*ACTIVITY*:
All that should be output is the block of lines below from the line with "Entre otras acciones" to the line with "Gambar 2. Ilustrasi", both included, exactly as written.

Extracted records
====

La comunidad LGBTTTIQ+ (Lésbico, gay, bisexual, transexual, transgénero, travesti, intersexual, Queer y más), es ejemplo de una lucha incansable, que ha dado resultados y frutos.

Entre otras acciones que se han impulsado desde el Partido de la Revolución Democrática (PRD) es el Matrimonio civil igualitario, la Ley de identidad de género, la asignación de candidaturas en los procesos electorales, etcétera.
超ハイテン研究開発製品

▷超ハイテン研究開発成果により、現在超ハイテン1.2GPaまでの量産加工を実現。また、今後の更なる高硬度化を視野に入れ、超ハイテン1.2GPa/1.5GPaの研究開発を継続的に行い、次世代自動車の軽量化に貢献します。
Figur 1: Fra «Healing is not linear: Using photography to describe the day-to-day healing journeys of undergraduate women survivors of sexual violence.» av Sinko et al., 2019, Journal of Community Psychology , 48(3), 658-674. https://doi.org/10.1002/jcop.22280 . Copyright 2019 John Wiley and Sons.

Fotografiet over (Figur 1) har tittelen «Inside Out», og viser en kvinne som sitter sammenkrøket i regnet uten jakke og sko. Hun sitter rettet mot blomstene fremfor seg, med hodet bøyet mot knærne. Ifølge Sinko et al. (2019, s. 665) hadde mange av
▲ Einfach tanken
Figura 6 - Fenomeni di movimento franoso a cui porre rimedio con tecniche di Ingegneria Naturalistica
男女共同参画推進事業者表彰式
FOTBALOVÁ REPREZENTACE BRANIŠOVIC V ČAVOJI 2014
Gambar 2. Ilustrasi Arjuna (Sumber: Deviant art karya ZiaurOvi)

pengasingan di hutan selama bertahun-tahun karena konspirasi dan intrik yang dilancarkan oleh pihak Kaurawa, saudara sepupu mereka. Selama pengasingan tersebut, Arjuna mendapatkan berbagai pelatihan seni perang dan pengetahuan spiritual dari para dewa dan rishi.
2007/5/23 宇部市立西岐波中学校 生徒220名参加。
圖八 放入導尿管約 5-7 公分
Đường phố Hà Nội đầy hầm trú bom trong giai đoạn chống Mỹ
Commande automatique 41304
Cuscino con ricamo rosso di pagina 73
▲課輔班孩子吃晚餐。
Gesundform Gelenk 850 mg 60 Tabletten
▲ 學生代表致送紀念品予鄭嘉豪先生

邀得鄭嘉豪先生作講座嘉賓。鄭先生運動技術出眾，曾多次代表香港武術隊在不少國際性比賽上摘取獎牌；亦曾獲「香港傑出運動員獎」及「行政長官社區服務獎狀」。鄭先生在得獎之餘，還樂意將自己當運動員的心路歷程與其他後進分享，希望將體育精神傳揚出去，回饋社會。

====

*EXPECTED ANSWER*:
Entre otras acciones que se han impulsado desde el Partido de la Revolución Democrática (PRD) es el Matrimonio civil igualitario, la Ley de identidad de género, la asignación de candidaturas en los procesos electorales, etcétera.
超ハイテン研究開発製品

▷超ハイテン研究開発成果により、現在超ハイテン1.2GPaまでの量産加工を実現。また、今後の更なる高硬度化を視野に入れ、超ハイテン1.2GPa/1.5GPaの研究開発を継続的に行い、次世代自動車の軽量化に貢献します。
Figur 1: Fra «Healing is not linear: Using photography to describe the day-to-day healing journeys of undergraduate women survivors of sexual violence.» av Sinko et al., 2019, Journal of Community Psychology , 48(3), 658-674. https://doi.org/10.1002/jcop.22280 . Copyright 2019 John Wiley and Sons.

Fotografiet over (Figur 1) har tittelen «Inside Out», og viser en kvinne som sitter sammenkrøket i regnet uten jakke og sko. Hun sitter rettet mot blomstene fremfor seg, med hodet bøyet mot knærne. Ifølge Sinko et al. (2019, s. 665) hadde mange av
▲ Einfach tanken
Figura 6 - Fenomeni di movimento franoso a cui porre rimedio con tecniche di Ingegneria Naturalistica
男女共同参画推進事業者表彰式
FOTBALOVÁ REPREZENTACE BRANIŠOVIC V ČAVOJI 2014
Gambar 2. Ilustrasi Arjuna (Sumber: Deviant art karya ZiaurOvi)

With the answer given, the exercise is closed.